In September of 2018 we took a look at the differences between fixed corridor vs. variable corridor digital progressives. While that is a great explanation of how to get the best out of each, fixed corridor progressive lenses can give you a new arsenal to keep your patients happy.
We are seeing more of our customers choosing fixed corridor for their patients and for good reason. This blog will give you best practices when fitting your patients with fixed corridor progressives. The first step is using a product that allows for fixed corridor length. Shamir, Seiko, and our house brands (Legacy and Heritage) give you this ability.
1) Fixed allows you to control the location of the reading area in relationship to the pupil. When setting the segment height on a FT-28, you do not care what the height is or what the B measurement is. Your only concern is the position of the top of the segment in relationship to the pupil. When you fix the corridor length with a progressive you are doing much the same.
Shamir guarantees at least 5 mm of reading area with all of their fixed designs when you choose a fixed length equal to or below the segment height. With this in mind, when you choose a fixed 15 you will have 10 mm of corridor before entering the reading zone. A fixed 13 mm will have 8 mm of corridor etc. This rule of thumb works with most fixed designs.
2) Utilizing a fixed corridor allows for consistency in design from frame to frame. You might have a patient purchase 2 frames that are very different in shape and size. Let’s say frame #1 has a shorter B with a seg height of 15 and frame #2 has a deep B with a seg height of 22.
If you chose a variable corridor design your patient will have a much different experience with the 2 pairs of glasses because the reading area would be much deeper in frame #2 than frame #1. By using a fixed 14 on both pairs you would give your patient a consistent reading location on both, which will be more comfortable for them.
An important guideline to follow here is that you always choose a corridor length that is shorter than the seg height. If you choose a fixed 18 with a seg height of 17, you will be cutting off part of the reading area.
3) Most patients are very specific on how they use their lenses. You might find a patient who's key needs are in distance and reading with very little need for intermediate. This is a perfect candidate for a shorter corridor regardless of segment height.
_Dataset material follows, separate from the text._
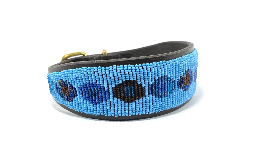 De halsbanden van Nata'Chien worden ontworpen door Natacha (Antwerpen) en met de handgemaakt door Masai vrouwen uit Kenia.
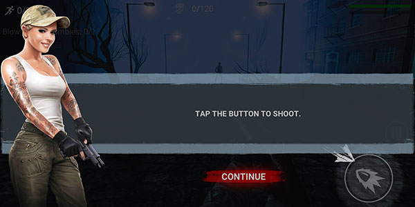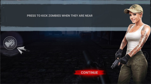 7、应急技能:尽量避免丧尸近身,危急时刻可使用左侧的踢击按钮击退敌人。

By fixing to a short corridor you are enabling your patient to transition from distance to near faster. This is an added benefit not only in comfort, but by getting them deeper into the reading area. This will allow them to experience a wider reading area.
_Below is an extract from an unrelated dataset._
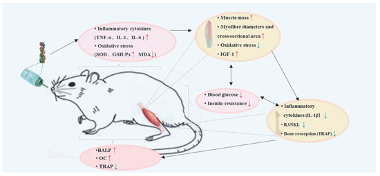 Figure 4 shows that TNF-α, IL-6, and IL-1β levels in the serum were significantly decreased in the UC group. In previous cases of osteoarthritis, Native Collagen II was documented to promote a significant reduction in inflammation [74]. Figure 4, Figure 5 and Figure 7 show the relationship between inflammation and bone resorption (TRAP). Therefore, the osteoclasts overactivated by inflammation play a vital role in imbalanced bone metabolism [75]. Thus, inhibiting osteoclastogenesis through suppressing inflammation is an important strategy for improving bone degeneration [76]. Correspondingly, the positive expression of Il-1β in the CP group was decreased compared with that in the AM group (Figure 6A). IL-1β, IL-6, and TNF-α, common proinflammatory cytokines, can stimulate osteoclast activity with the macrophage colony-stimulating factor (M-CSF) and its receptor, c-Fms, which modulate the pool of available precursor cells for differentiation via the actions of RANKL [44]. These osteoclast-activating factors interact with a proven final common mediator of osteoclast differentiation and activation, receptor activator of nuclear factor-kB (RANK) and its functional ligand (RANKL). RANK is a membrane-bound TNF receptor expressed on osteoblast precursor cells that recognizes RANKL through direct cell–cell interactions, an essential process for the differentiation of osteoclasts from their precursor cells. RANKL, an essential factor for osteoclast differentiation and function, is also expressed by lymphocytes and synovial fibroblasts and may mediate bone loss associated with inflammatory conditions [37], which promotes the bone-resorbing activity of osteoclasts and prolongs their survival [38]. Similarly, the immunohistochemical analysis showed RANKL had a higher expression in the AM group, and low expression was observed in the CG and UC groups. The same tendency was shown in TRAP expression, which means that Native Collagen II decreased RANKL and TRAP expression. In this study, Native Collagen II decreased bone resorption by inhibiting serum cytokines, as well as IL-1 and IL-6 expression, and then inhibited the expression of RANKL and TRAP. In this study, it was speculated that Native Collagen II could improve bone impairment due to increasing bone mineralization and formation, decreasing bone resorption, which partly resulted from muscle function and IR improvement through decreasing oxidative stress and inflammation (Figure 8). This conclusion was partly proved in other studies [28,77].
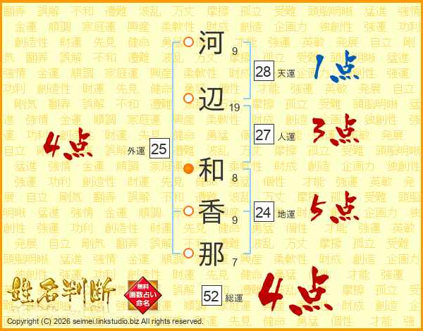 河辺和香那さんの総運は52画の4点!

4) We are now seeing the trend of larger frames taking hold throughout the US. Many of your patient are coming out of narrow B frames with short corridor progressives and moving into a deep B frame with a much higher segment height.
Your patients have spent years getting use to their reading zone being very close to their pupil and now they will have to get use to it being much lower. Why put them through this? Simply choose a shorter fixed corridor. This will keep them comfortable with the reading zone location.
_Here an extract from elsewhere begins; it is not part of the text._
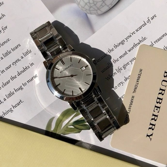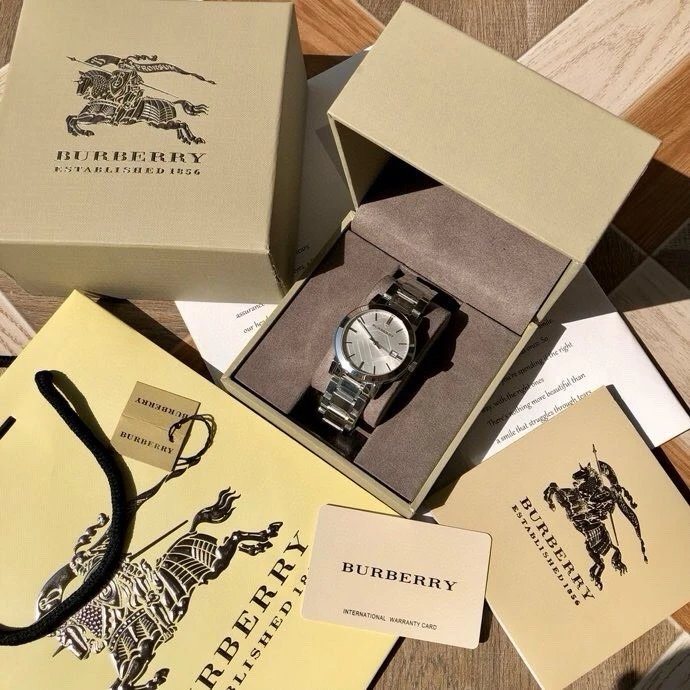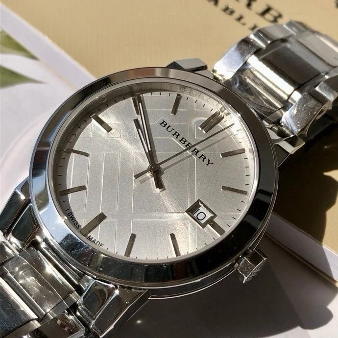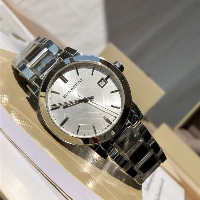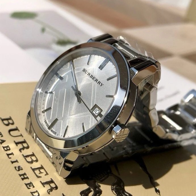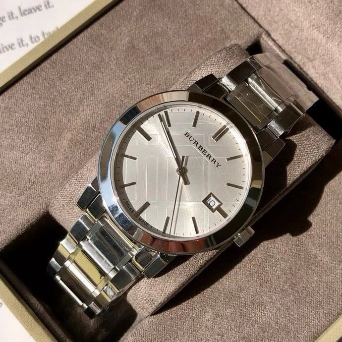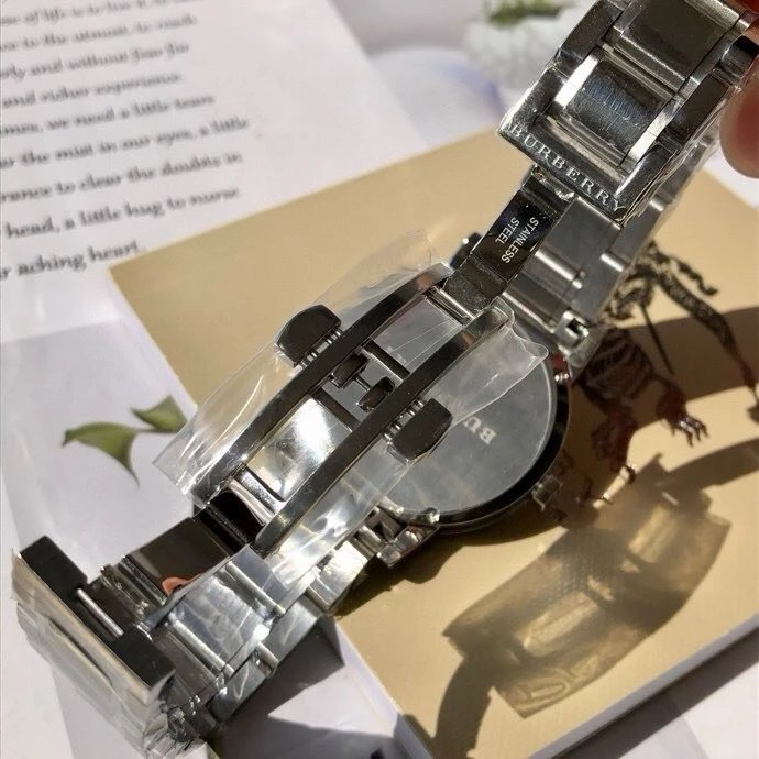 Burberry Men's Quartz Watch features timeless design, 316L stainless steel strap, 39mm case, double push butterfly clasp. Packaged included.

In the correct setting, utilizing a proper fixed corridor will benefit your patients, resulting in increased satisfaction and an improved non-adapt ratio.
Just simply having a good conversation with your patients and listening to their needs will go a long way. By utilizing tricks and tools like fixed corridor you'll not only have happier patients, but this will also set you apart from your competition.
“A satisfied customer is one who will continue to buy from you, seldom shop around, refer other customers, and in general, be a superstar advocate for your business.”